I would tend to argue that the areal density of atoms cannot be well-defined for a polycrystalline material. You have a kind of average over different crystal orientations (crystallites) and their micro-surfaces might not be aligned with what you define as the surface plane.

If your material is dense, then you might proceed by considering the volume density and multiply that by  a characteristic length which approximately represents an atomic layer thickness.

Otherwise you could give an interval defined by the areal density of more open single crystal surfaces (100) on the lower end and the high density (111) surface as the upper limit. These are easily computed from the cubic lattice constant (0.408 nm). Keep in mind that the crystal structure is an fcc lattice.

Hi  samuel, In addition to Kai answer, in order to know the value of  atomic dense in the polycrystalline silver, I think you have to consider your sample homogeneity  first by running SEM. Then run TEM and AFM analysis, in order to quantify atomic dense in certain area (x nm to y nm), the depth (z nm) then compare to single silver atomic volume. I hope this will aid you. Also you can read this article (attached), thanks.   

The solution is rather simple, as far as you don't need the number at highest precision: The atomic mass of silver is 107.868 u . Remember that the value of u (or Dalton) is 1.660539 x 10^-24 g. Thus one atom of silver, irrespective of the crystaline state, has a mass of 1.79119  x 10^-22 g. Next we need he density of silver (and this is the only point where there is a - negligible, for most purposes - difference between polycrystalline and monocrystalline samples). The density is 10.49 g cm^-3. Dividing this density by the mass of a single atom gives 5.856 x 10^22 atoms in a centimeter cubed.
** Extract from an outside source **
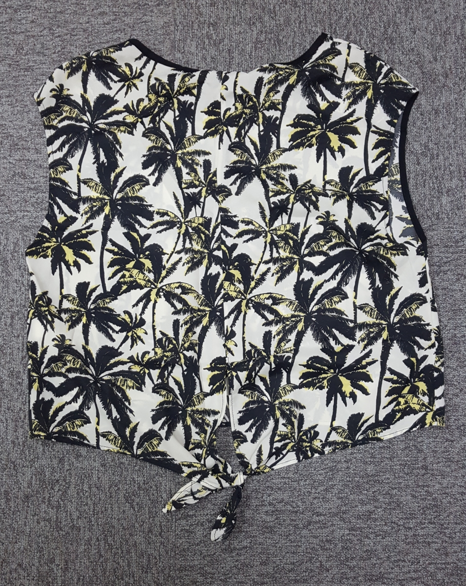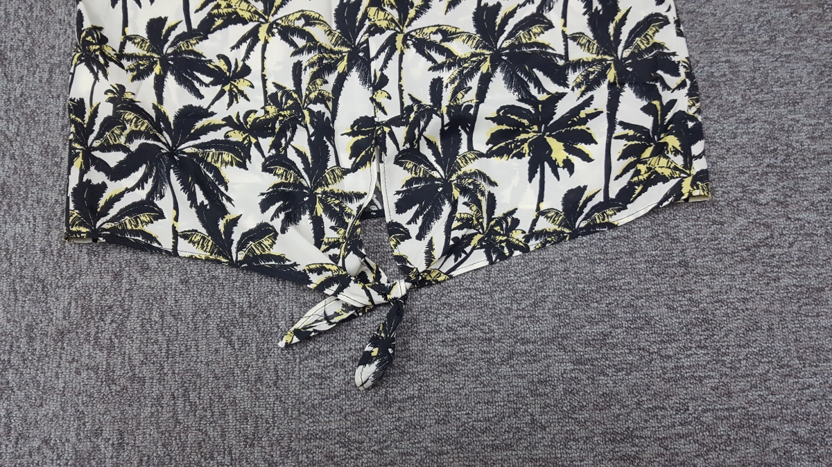 ヤシの実の柄がかわいく、バックは裾を結べるようになっております。

All values used here can be found in numerous books, and also in Wikipedia. So it is advisable to read first, and ask only when you do not find anything in the literature.

Good luck

Max

Perhaps I should have been more clear. I am looking for the approximate number of atoms per cm2 on the polycrystalline surface, not the number of atoms per unit volume. I have found values for the number of atoms per cm2 in the 111, 110 and 100 crystal faces, but would need to know the relative proportions of each crystal in the polycrystalline surface to take an average. I know this has been found for platinum, where polycrystalline Pt is said to have 1.3 x 10^15 atoms cm-2, so I was looking for an equivalent for silver. It would not need to be precise just an approximation is ok. 

Samuel, you would have to scrutinize how that number was evaluated and what it actually means. A polycrystalline film may still be textured (depending on substrate and preparation protocol) and the number vary accordingly.

Also, in addition to what you just wrote, how about rough and flat surfaces? What would you count as "the surface" or surface area?

(100): 1.2 x 1015/cm2

(111): 1.39 x 1015/cm2

They're within 10% of their average. Wouldn't that be good enough if you're just looking for an approximate number? (hope I did my math right...)

Sorry, I misunderstood your question.

Greetings, Max

calculating the cube root of Max' atoms per cm³ and sqaring the result should give us the wanted atoms per cm².

(5.856*10^22)^(2/3) = 1.508*10^15

This is also in the magnitude of Kai's atoms per cm².

These 10^15cm-² is also a number our nanomaterial science prof. wanted us to keep in mind as a role of thumb.